Cada coisa no seu tempo
Afonso Loureiro
Muitos dos choques culturais que se tem com os angolanos, como a sua teoria de resolução de problemas, horários estranhos ou hábitos exóticos são devidos à enorme descontracção com que encaram a vida. Há muito que perceberam que os problemas não desaparecem só porque nos preocupamos em demasia, e que a vida é para ser vivida com um sorriso nos lábios em vez de uma úlcera no estômago.
Todos sabem que as úlceras se agravam quando não se presta a devida atenção ao que se come e saltar refeições só por causa da pressão do trabalho é meio caminho andado para a azia constante e umas visitas ao médico para receitas de anti-ácido.

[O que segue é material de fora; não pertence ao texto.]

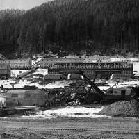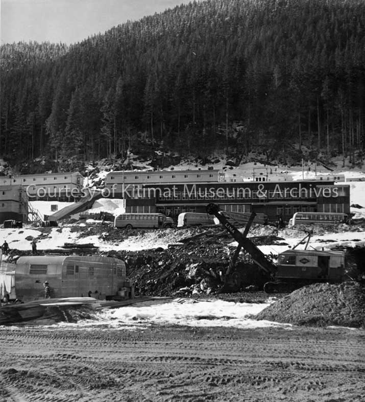 - Bunkhouses (background), Hudson’s Bay Trading Company (centre) and buses waiting to transport workers to the job sites.
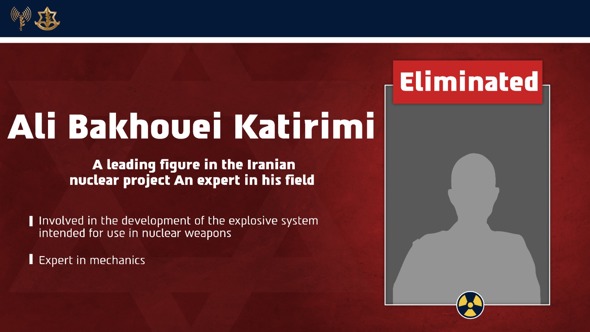 “During the Israel’s Air Force fighter strikes at the onset of Operation “Rising Lion”, nine senior scientists and experts, who advanced the Iranian regime’s nuclear weapons program, were eliminated. The strike was made possible thanks to precise intelligence gathered by the Intelligence Directorate. All of the eliminated scientists and experts served as significant knowledge centers in the Iranian nuclear project and possessed decades of accumulated experience in the development of nuclear weapons,” Israel’s Defence Forces said in a press release.
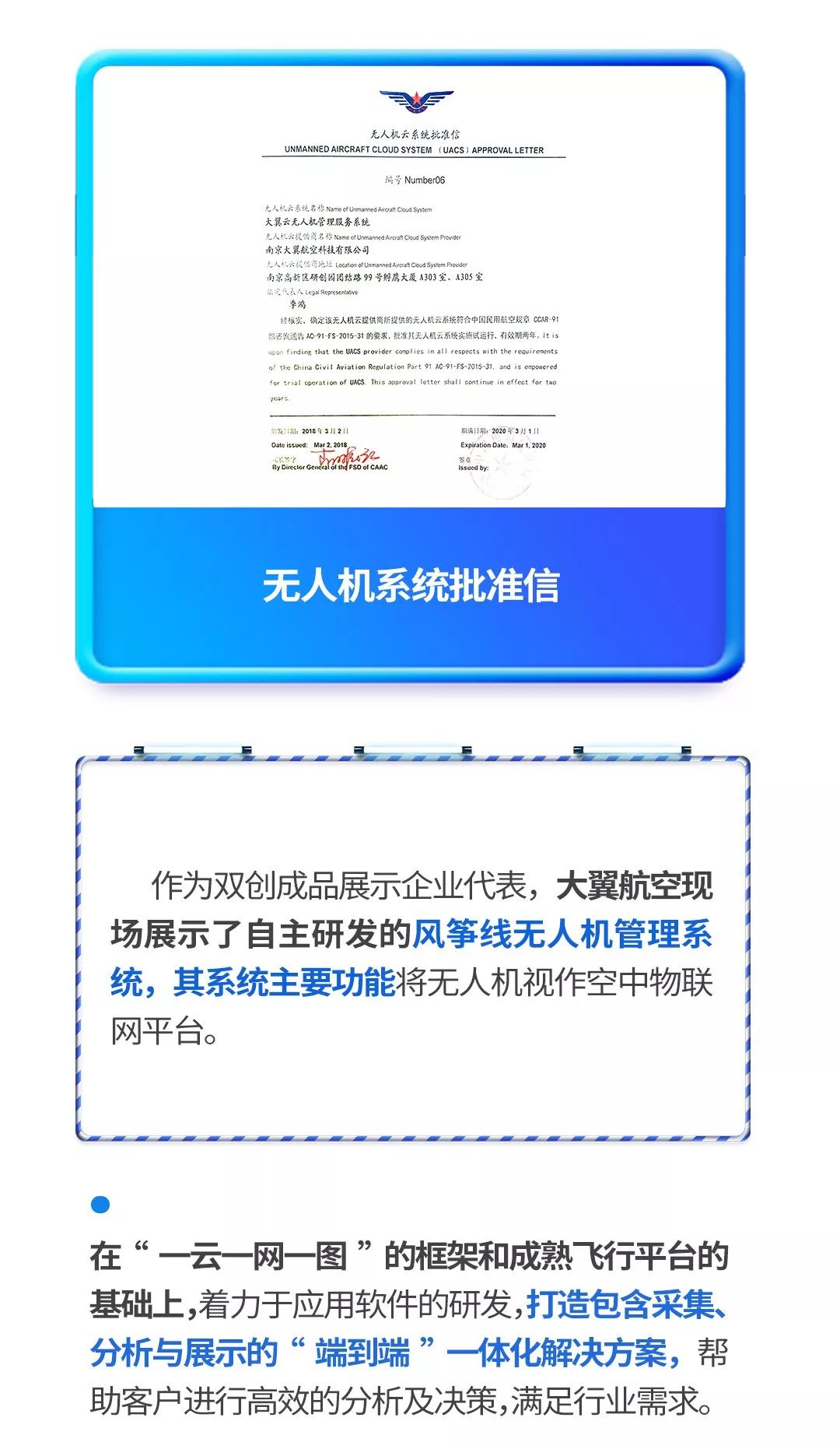 ⼤翼航空⾃主研发的⻛筝线™⽆⼈机云系统实现了⽆⼈机(Drone)、⻜⼿(Flyer)、成果(Result)、空域(Planning)四⼤要素的统⼀,是⾏业真正意义上的⽆⼈机⻜⾏资源计划(DFRP)系统。⼤翼航空是江苏省⾼新技术企业、双软企业,拥有多项软件著作权和专利证书,⻛筝线系统获得信息系统安全等级保护备案认证。⼤翼航空是江苏省消防救援总队应急通讯联动单位、江苏省遥感与地理信息学会科技服务站,⼤疆应急救援联盟⾸批成员、⼤疆创新⾏业应⽤授权服务商和系统集成商,与各地公安、消防、环保、城管、防汛抗旱等部门以及科研院校进⾏深度合作。除了商业活动,公司也积极履⾏企业社会责任,先后承担了消防救援、抗洪抢险、逃犯搜索、重⼤赛事活动直播等保障任务。

Isso explica porque razão é difícil encontrar angolanos a trabalhar logo à hora de abertura dos serviços, porque estão ainda a mata-bichar, a meio da manhã, que foram comer qualquer coisa para compôr o estômago, logo a seguir ao almoço, porque ainda não regressaram e cerca de uma hora antes de saírem, porque foram lanchar e vão direitos para casa sem voltar ao serviço, suponho que para jantar.
Mata-bicho
Tamanha obsessão por evitar ficar de estômago vazio talvez explique o monólogo que um vizinho meu no restaurante manteve com o seu telefone dourado, entre garfadas no funge.
”Eu agora não posso falar. Estou a caminho. Eu ligo quando chegar.”
”Já disse que estou a conduzir. Vou de mota. Não dá para falar.”
”Estou quase a chegar. Ele que espere. Vou de mota. É rápido, rápido.”
”Não, não vale a pena telefonares. Estou a caminho.”
”Yá, até já. Quando chegar eu ligo. Fica descansado que é só mais um bocadinho, que ‘tou quase a chegar. Sem makas.”
Acabei de almoçar, paguei e fui-me embora. Ele continuou sentado a apreciar o funge, enquanto fazia que seguia de mota para o destino. Estava quase a chegar, por isso não valia a pena apressar a refeição, não fosse cair-lhe mal.